[Brief]
Your copy should match the records below exactly, except for the pictures.

[Given information]

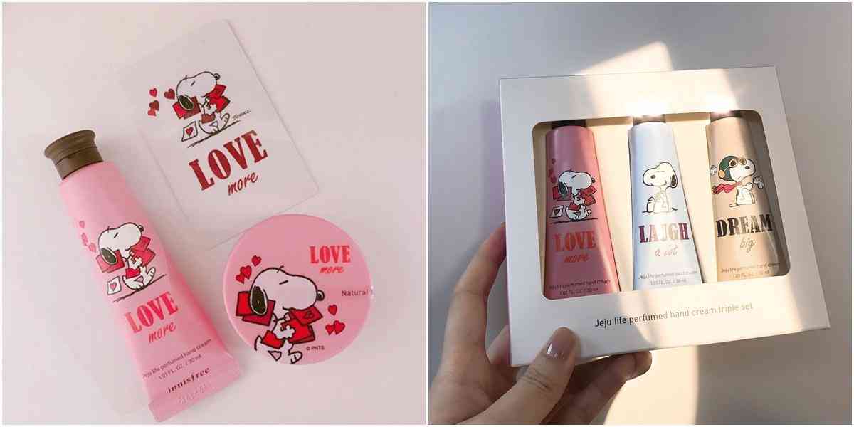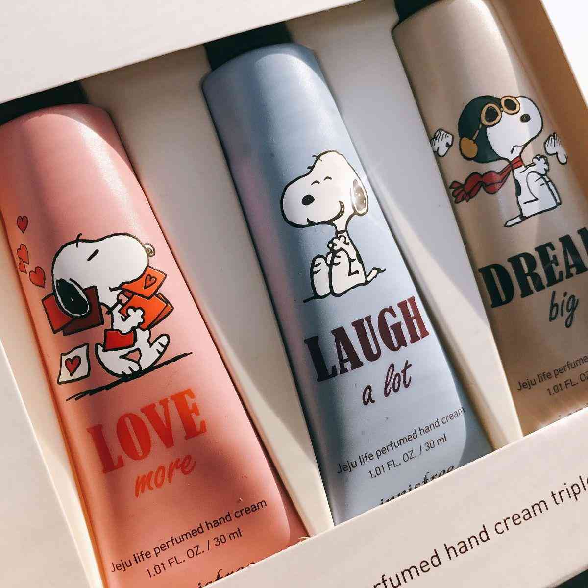首波推出的是保养组合,有innisfree的明星保养「innisfree X Snoopy济州香氛护手霜组(1组3款)」,三款的香气分别是「婚礼的花束(花香调) 四月」(粉红)、阳光下的山草莓 (果香调) 五月(蓝色)、秋季小雨(麝香) 十月(米棕),三款的史努比都有不同造型,超可爱!
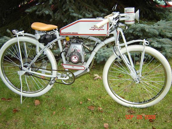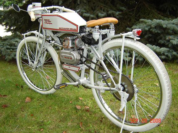 This is the HoughMade Cycle Works 71 (my last name being pronounced "hoe"). Not a strict replica, it is an homage' to the motorcycles of the pre-WWI era.
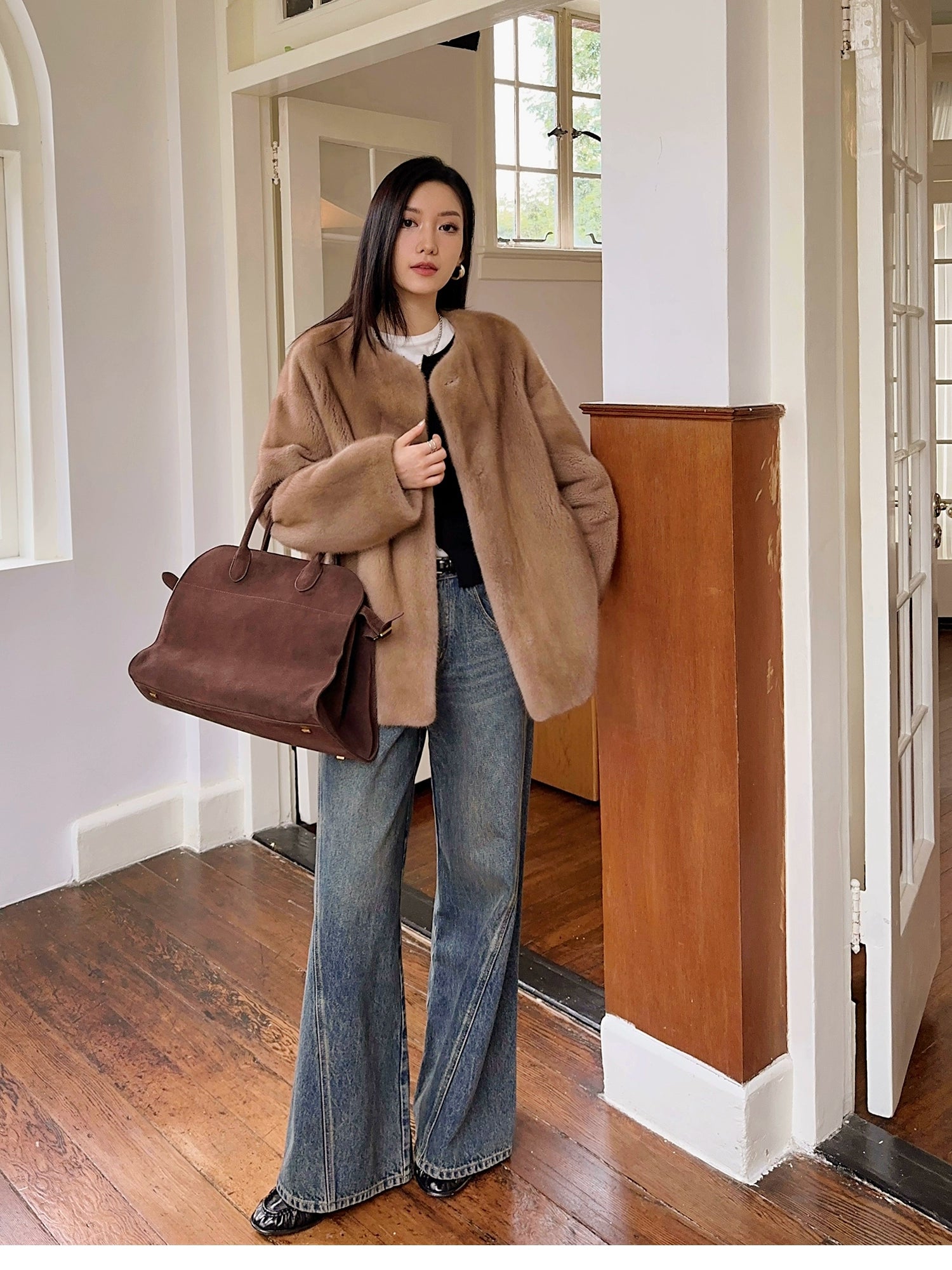 Women's Winter Fashion Natural Fur Luxury Style Winter Coat
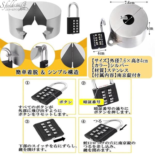 【サイズ】外径7.6×高さ4cm【カラー】シルバー【材質】ステンレス【付属内容】南京錠付き
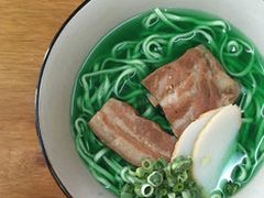 スープが青(レジスタンス)か緑(エンライテンド)か選べる沖縄そばのセット!(写真提供:米八そば)
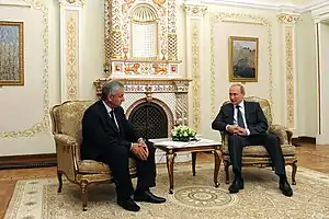 27 августа 2014 года Хаджимба встретился в подмосковной резиденции Ново-Огарёво с президентом РФ Владимиром Путиным, обсудил с ним заключение нового договора о дружбе и сотрудничестве между Россией и Абхазией. В договоре должно быть предусмотрено создание общего пространства обороны и безопасности, открытие российско-абхазской границы[56]. 13 октября 2014 года проект договора, который комментаторы оценили как шаг к политическому и оборонному единению Абхазии и России, был опубликован для всеобщего обсуждения[57].
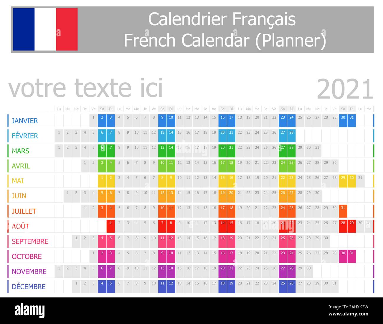 21 Francese Planner Calendario Con Mesi Orizzontali Su Sfondo Bianco Immagine E Vettoriale Alamy
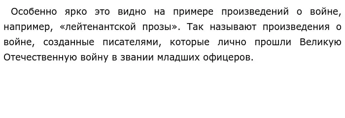 Далее В. В. Быков, имея богатый опыт участия в Великой Отечественной войне, для аргументации тезиса приводит пример, связанный с войной. Он подробно пишет об избирательности памяти ветеранов: один «наиболее ярко запомнил» страх от близости смерти, другой — «как его награждали орденом», третий — комический случай, связанный с обращением к нему начальства. Это наблюдение позволяет писателю сопоставить участников войны и авторов военной прозы: «Это я говорю о ветеранах, но то же можно сказать и об авторах военных романов». Писатель видит общее, закономерное в процессе сохранения событий прошлого в человеческой памяти и в процессе отражения его в литературе.
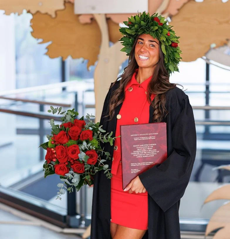 A 23 anni con un anno d’anticipo si è laureata in medicina con 110 con menzione di lode al san Raffaele a Milano dove la retta è di 20 mila euro l’anno.
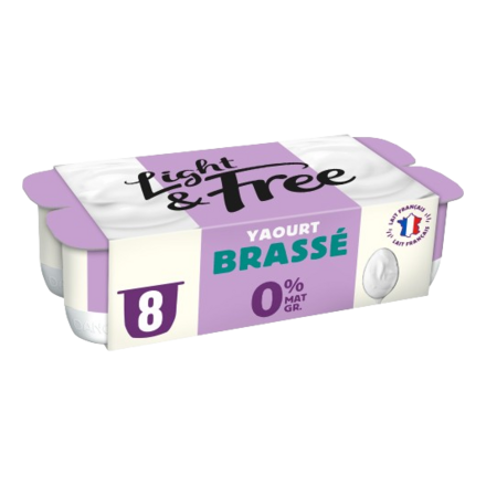 Light&Free recette de yaourt brassé 0% MG est source de vitamines D, de calcium et riche en protéines. Sa texture brassée et onctueuse en pot en fait l'allié idéal du dessert ou du petit-déjeuner à partager, pour un plaisir en toute légèreté !
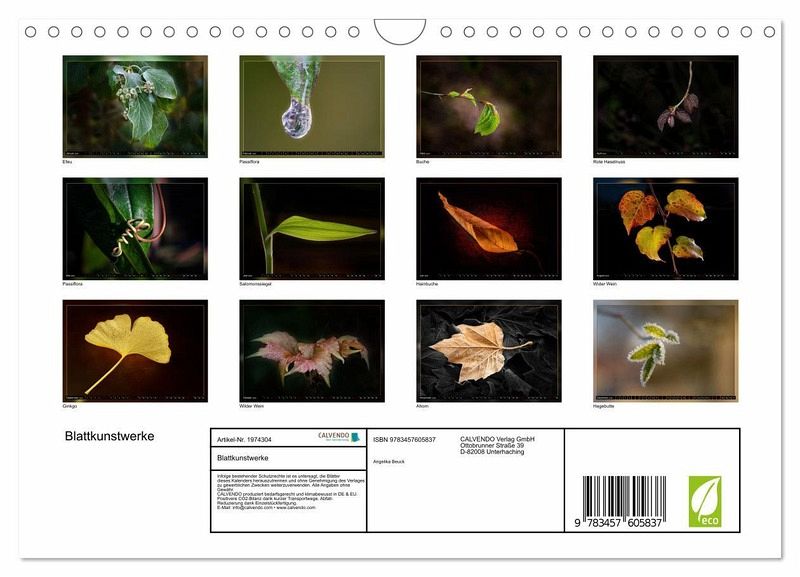 QUALITÄT - Hochwertiger Fotokalender mit 12 wunderschönen Motiven auf lichtbeständigem Bilderdruckpapier, robuste Spiralbindung mit Aufhängebügel.NACHHALTIG - deutliche Abfallreduzierung durch bedarfsgerechte Einzelstückfertigung, umweltfreundliches FSC-zertifiziertes Papier, Produktion in Deutschland, klimabewusste Logistik.PERFEKTES GESCHENK - Kalender für Freunde und Familie, für Kinder und Erwachsene, jung und alt, zu Weihnachten, Geburtstag oder zwischendurch.VIELFALT - Bildkalender in verschiedenen Formaten, z.B. DIN A5, DIN A4, DIN A3 sowie DIN A2. Ob Naturmotiv, Gemälde oder Fotos, ideal für ein persönliches Wohlfühlambiente.Zauberhafte Blätter im Mittelpunkt von Autor(in): Angelika Beuck

[Your response]
首波推出的是保养组合,有innisfree的明星保养「innisfree X Snoopy济州香氛护手霜组(1组3款)」,三款的香气分别是「婚礼的花束(花香调) 四月」(粉红)、阳光下的山草莓 (果香调) 五月(蓝色)、秋季小雨(麝香) 十月(米棕),三款的史努比都有不同造型,超可爱!
 This is the HoughMade Cycle Works 71 (my last name being pronounced "hoe"). Not a strict replica, it is an homage' to the motorcycles of the pre-WWI era.
 Women's Winter Fashion Natural Fur Luxury Style Winter Coat
 【サイズ】外径7.6×高さ4cm【カラー】シルバー【材質】ステンレス【付属内容】南京錠付き
 スープが青(レジスタンス)か緑(エンライテンド)か選べる沖縄そばのセット!(写真提供:米八そば)
 27 августа 2014 года Хаджимба встретился в подмосковной резиденции Ново-Огарёво с президентом РФ Владимиром Путиным, обсудил с ним заключение нового договора о дружбе и сотрудничестве между Россией и Абхазией. В договоре должно быть предусмотрено создание общего пространства обороны и безопасности, открытие российско-абхазской границы[56]. 13 октября 2014 года проект договора, который комментаторы оценили как шаг к политическому и оборонному единению Абхазии и России, был опубликован для всеобщего обсуждения[57].
 21 Francese Planner Calendario Con Mesi Orizzontali Su Sfondo Bianco Immagine E Vettoriale Alamy
 Далее В. В. Быков, имея богатый опыт участия в Великой Отечественной войне, для аргументации тезиса приводит пример, связанный с войной. Он подробно пишет об избирательности памяти ветеранов: один «наиболее ярко запомнил» страх от близости смерти, другой — «как его награждали орденом», третий — комический случай, связанный с обращением к нему начальства. Это наблюдение позволяет писателю сопоставить участников войны и авторов военной прозы: «Это я говорю о ветеранах, но то же можно сказать и об авторах военных романов». Писатель видит общее, закономерное в процессе сохранения событий прошлого в человеческой памяти и в процессе отражения его в литературе.
 A 23 anni con un anno d’anticipo si è laureata in medicina con 110 con menzione di lode al san Raffaele a Milano dove la retta è di 20 mila euro l’anno.
 Light&Free recette de yaourt brassé 0% MG est source de vitamines D, de calcium et riche en protéines. Sa texture brassée et onctueuse en pot en fait l'allié idéal du dessert ou du petit-déjeuner à partager, pour un plaisir en toute légèreté !
 QUALITÄT - Hochwertiger Fotokalender mit 12 wunderschönen Motiven auf lichtbeständigem Bilderdruckpapier, robuste Spiralbindung mit Aufhängebügel.NACHHALTIG - deutliche Abfallreduzierung durch bedarfsgerechte Einzelstückfertigung, umweltfreundliches FSC-zertifiziertes Papier, Produktion in Deutschland, klimabewusste Logistik.PERFEKTES GESCHENK - Kalender für Freunde und Familie, für Kinder und Erwachsene, jung und alt, zu Weihnachten, Geburtstag oder zwischendurch.VIELFALT - Bildkalender in verschiedenen Formaten, z.B. DIN A5, DIN A4, DIN A3 sowie DIN A2. Ob Naturmotiv, Gemälde oder Fotos, ideal für ein persönliches Wohlfühlambiente.Zauberhafte Blätter im Mittelpunkt von Autor(in): Angelika Beuck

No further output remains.